**Work required:**
Copy exactly the lines of the data below, beginning with the line with "炙燒一分熟左右,可以直接吃,搭配洋蔥&蔥花吃" and ending with the line with "Такое ощущение, что". Pictures are to be omitted.

**Exercise material:**
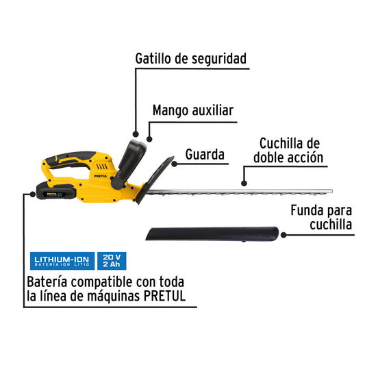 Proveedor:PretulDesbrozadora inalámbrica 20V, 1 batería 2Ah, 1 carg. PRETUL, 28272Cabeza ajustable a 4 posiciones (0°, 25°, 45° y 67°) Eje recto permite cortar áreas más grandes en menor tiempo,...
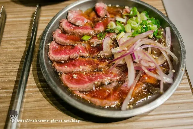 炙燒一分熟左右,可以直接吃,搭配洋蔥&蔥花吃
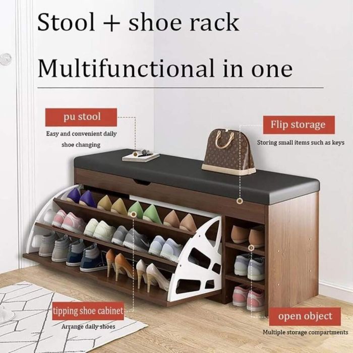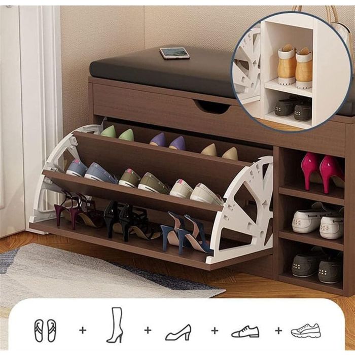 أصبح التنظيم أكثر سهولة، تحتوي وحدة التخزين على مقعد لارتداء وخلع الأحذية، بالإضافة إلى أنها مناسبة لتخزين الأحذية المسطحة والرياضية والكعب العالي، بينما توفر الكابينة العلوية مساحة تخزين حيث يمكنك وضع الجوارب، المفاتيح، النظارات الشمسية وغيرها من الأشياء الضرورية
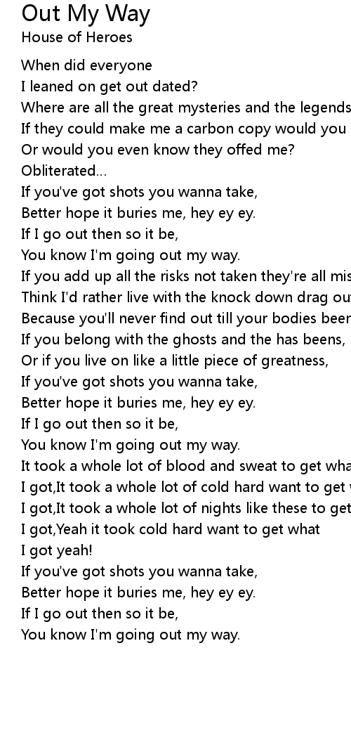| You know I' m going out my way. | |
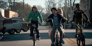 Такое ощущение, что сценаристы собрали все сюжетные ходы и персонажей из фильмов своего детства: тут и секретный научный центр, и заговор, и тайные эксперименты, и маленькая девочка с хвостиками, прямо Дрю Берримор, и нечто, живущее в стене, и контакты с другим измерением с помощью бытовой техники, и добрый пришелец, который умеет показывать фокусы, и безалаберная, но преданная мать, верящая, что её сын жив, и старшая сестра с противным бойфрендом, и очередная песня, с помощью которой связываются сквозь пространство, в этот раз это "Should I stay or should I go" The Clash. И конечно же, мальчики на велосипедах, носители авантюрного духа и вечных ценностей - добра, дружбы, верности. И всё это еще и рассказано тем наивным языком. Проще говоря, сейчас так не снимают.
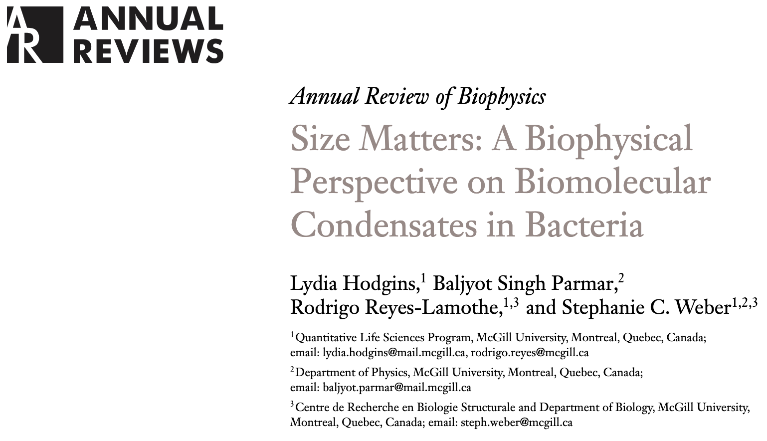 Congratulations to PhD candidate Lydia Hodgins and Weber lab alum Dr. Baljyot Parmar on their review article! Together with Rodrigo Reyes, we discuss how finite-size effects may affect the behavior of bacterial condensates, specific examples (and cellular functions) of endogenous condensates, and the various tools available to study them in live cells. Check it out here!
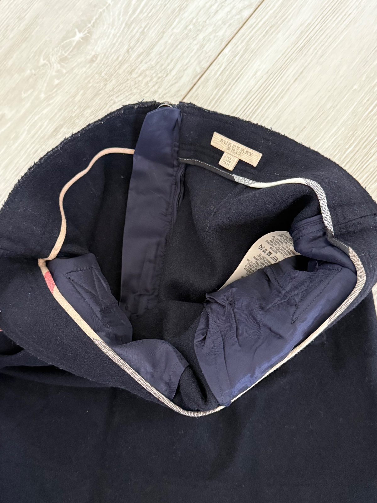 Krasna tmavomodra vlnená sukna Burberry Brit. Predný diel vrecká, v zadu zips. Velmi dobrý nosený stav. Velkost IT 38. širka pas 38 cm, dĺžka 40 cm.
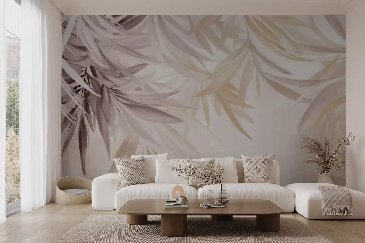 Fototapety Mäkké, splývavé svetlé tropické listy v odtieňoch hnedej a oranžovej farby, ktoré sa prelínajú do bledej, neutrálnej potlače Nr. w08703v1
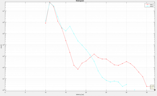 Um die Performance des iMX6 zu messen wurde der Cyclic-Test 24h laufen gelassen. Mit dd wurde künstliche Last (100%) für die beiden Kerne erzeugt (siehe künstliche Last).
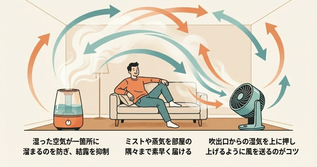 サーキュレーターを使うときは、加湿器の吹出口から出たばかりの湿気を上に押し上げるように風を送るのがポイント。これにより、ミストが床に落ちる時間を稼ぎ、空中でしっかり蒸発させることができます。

**Answer:**
 炙燒一分熟左右,可以直接吃,搭配洋蔥&蔥花吃
 أصبح التنظيم أكثر سهولة، تحتوي وحدة التخزين على مقعد لارتداء وخلع الأحذية، بالإضافة إلى أنها مناسبة لتخزين الأحذية المسطحة والرياضية والكعب العالي، بينما توفر الكابينة العلوية مساحة تخزين حيث يمكنك وضع الجوارب، المفاتيح، النظارات الشمسية وغيرها من الأشياء الضرورية
| You know I' m going out my way. | |
 Такое ощущение, что сценаристы собрали все сюжетные ходы и персонажей из фильмов своего детства: тут и секретный научный центр, и заговор, и тайные эксперименты, и маленькая девочка с хвостиками, прямо Дрю Берримор, и нечто, живущее в стене, и контакты с другим измерением с помощью бытовой техники, и добрый пришелец, который умеет показывать фокусы, и безалаберная, но преданная мать, верящая, что её сын жив, и старшая сестра с противным бойфрендом, и очередная песня, с помощью которой связываются сквозь пространство, в этот раз это "Should I stay or should I go" The Clash. И конечно же, мальчики на велосипедах, носители авантюрного духа и вечных ценностей - добра, дружбы, верности. И всё это еще и рассказано тем наивным языком. Проще говоря, сейчас так не снимают.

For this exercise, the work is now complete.